[DATA BELOW Boundary: Start]
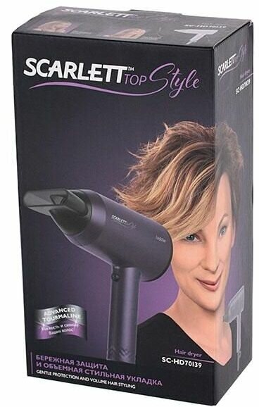 Лучшие цены. Фен Scarlett sc-hd70i39 – это компактный прибор с производительным, но тихим мотором мощностью 1600 Вт. Благодаря технологии Advenced Tourmaline (ионизация) он бережно сушит волосы, не обезвоживая их. С помощью насадки-концентратора вы сможете направить воздушный поток на отдельные пряди. Удобный И практичный Длины шнура 1,8 метра достаточно, чтобы не стеснять ваших движений перед зеркалом во время создания причёски. Режим холодного воздуха поможет вам закрепить укладку. Магазины в вашем городе.
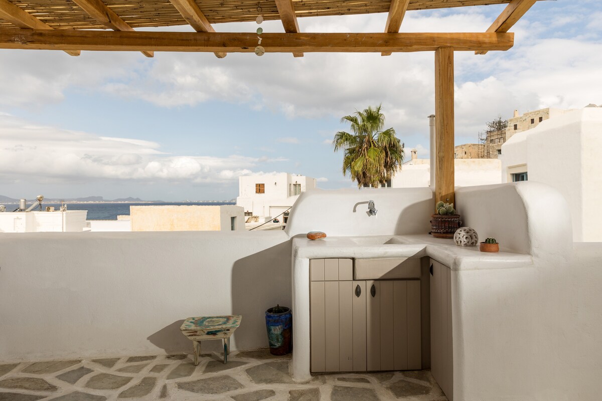 Toetasjes leilighet i hjertet av Old Market, det eldste tradisjonelle området i Naxos by (Chora). Bygget og pusset opp med total respekt for den klassiske Kykladiske arkitekturen. Tre møter stein, og de håndlagde veggene gir en helt annen følelse. Ett skritt fra havnen, transportmidler, restaurant og barer gjør leiligheten til det beste stedet for folk som ønsker ferie i sentrum av Naxos by!
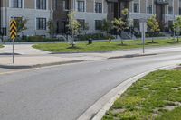 Modern residential architecture in Toronto, Canada. Clean facade with large windows in a vibrant neighborhood. Well-maintained public spaces with urban design. Clear skies showcase the flag waving atop a street light pole.
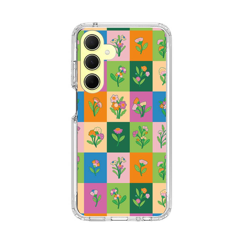 Nahtlose Blümchen Blöcke Samsung Galaxy A35 Silikon Hülle● Sehr robust & langlebig
[DATA BELOW Boundary: End]
• **EXERCISE GOAL**
In the listing, find the line containing "Modern residential architecture" and repeat it and every later line through the last one, word for word, excluding the pictures.

• **RESPONSE**
 Modern residential architecture in Toronto, Canada. Clean facade with large windows in a vibrant neighborhood. Well-maintained public spaces with urban design. Clear skies showcase the flag waving atop a street light pole.
 Nahtlose Blümchen Blöcke Samsung Galaxy A35 Silikon Hülle● Sehr robust & langlebig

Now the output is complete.